At the beginning of the crisis when almost all of our families were required to shield their children, and so cancel their respite services, we found ourselves overstaffed. As a result we loaned staff out to a number of local providers on a spot purchase, honorary contract basis. This initiative came from us but could have been managed more centrally via the CCG perhaps. In addition, we worked with hospital discharge teams to ensure children could come to the hospice for step down care where their families could be with them and the risk of COVID 19 transmission could be considerably reduced. This also unlocked intensive care beds and teams in hospitals to provide other types of care.
We believe we were able to make quick decisions because we have a pioneering and agile mentality. We could cut through what would normally be quite bureaucratic procedures because we were operating from a ‘best interests’ standpoint.
We have developed some online services, and these definitely plug a gap, but we also know that there are some things that will always work best face to face, for example bereavement support in the acute phase of loss. With appropriate safeguards in place, we have still been able to offer access to our snowflake suite and enabled people to do memory making with their child. The design of our hospice has allowed for this because we can segregate this particular area from the rest of the building.

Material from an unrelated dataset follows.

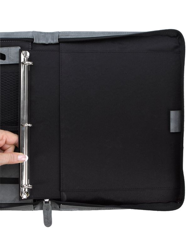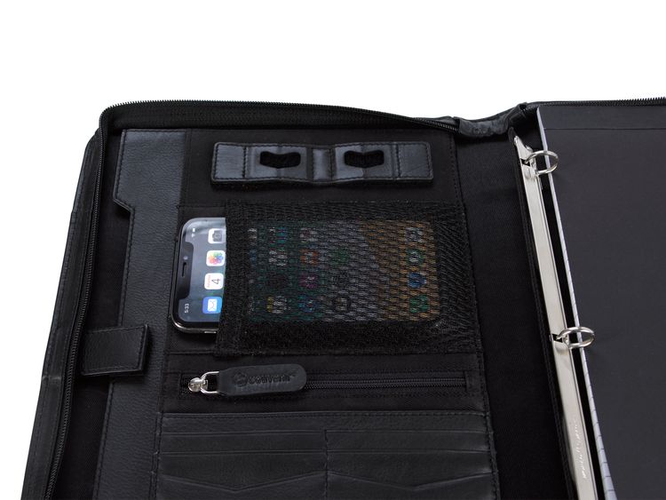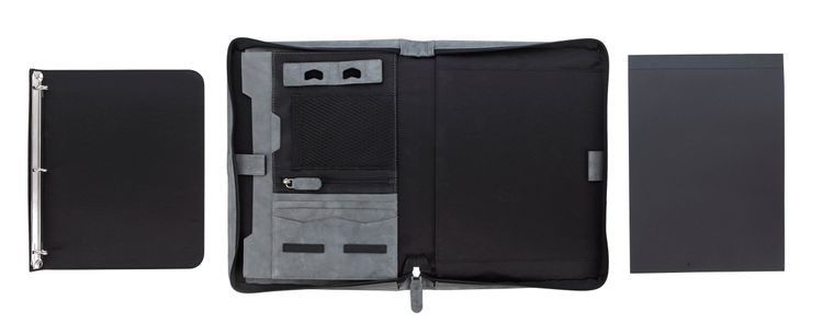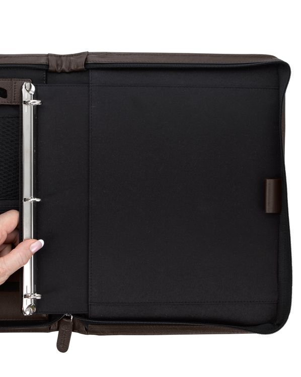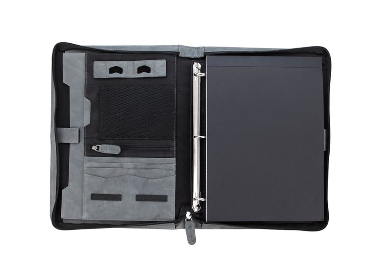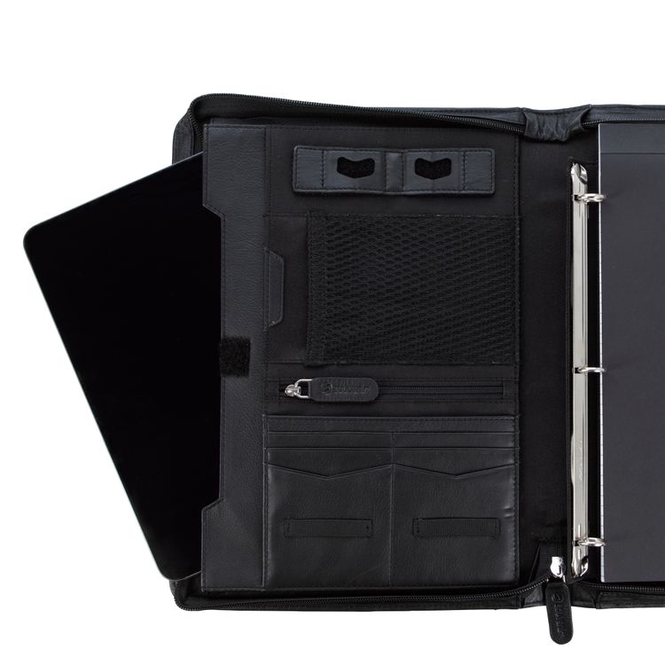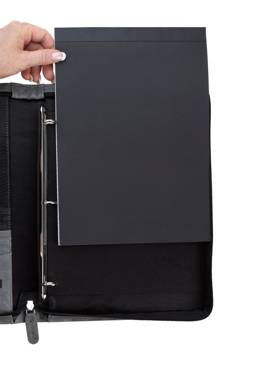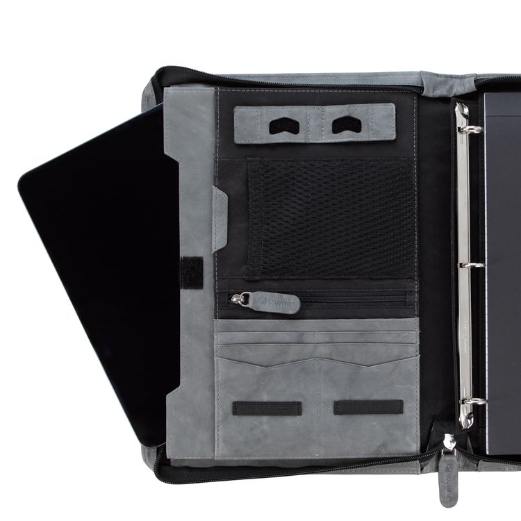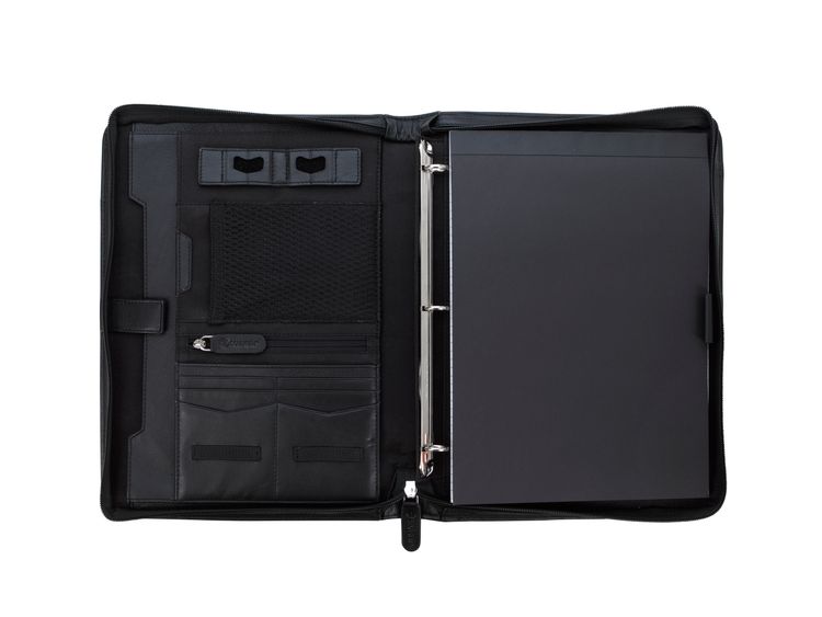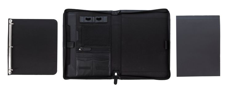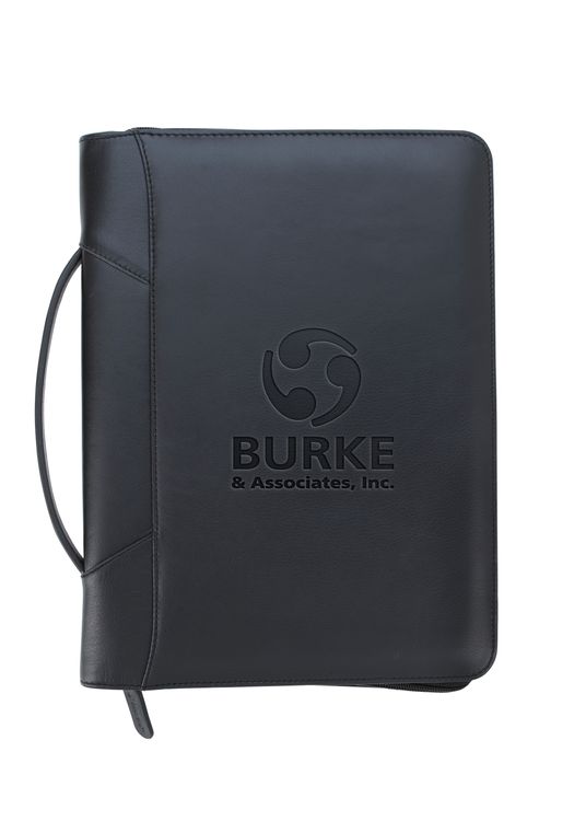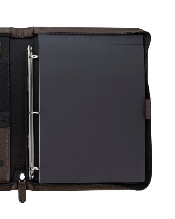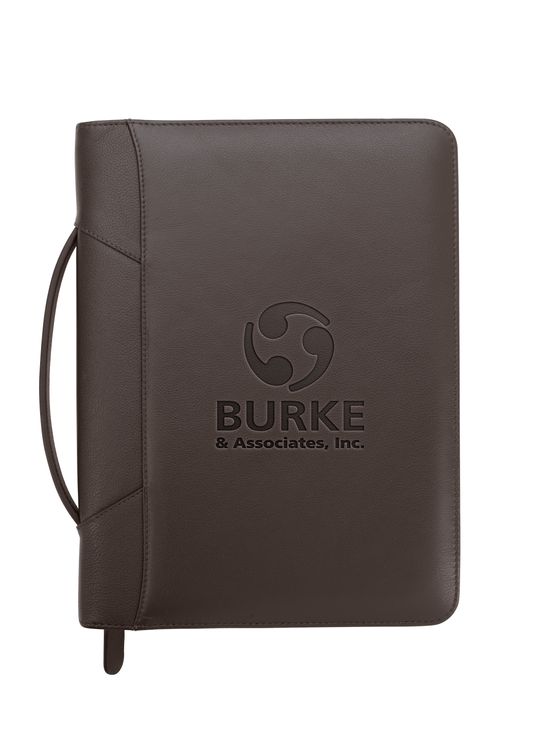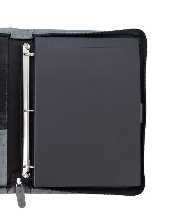 Stay organized and make a lasting impression with this premium leather zippered padfolio. Designed with a built-in handle and sleek leather pulls, it combines professional style with everyday function. The cotton-lined interior features a tablet pocket, phone stand, zip and card storage, elastic bands for cables, and a detachable 3-ring binder with an FSC-certified notepad. From meetings to on-the-go productivity, this padfolio is crafted to perform as beautifully as it looks. Because it is a natural material, irregularities in the consistency of this product’s leather are inherent to its natural beauty and personality. Additional decoration charges may apply.

We developed a screening tool to help us understand which of our families were most vulnerable. This was shared with a number of other children’s hospices. The tool was used over the phone, but is quite sterile in its application. Lots of the public donated gifts for our families, so we made these up into packs and did doorstep drops. This created a different type of conversation with families and we started to learn more about how difficult things really were, including impending family breakdown. As a result, we developed an emergency respite offer, a 48 hour break in the hospice for the child. Many families have now used this and have fed back the difference it has made. All of our families have protected characteristics and we have continued to reach out to all of them.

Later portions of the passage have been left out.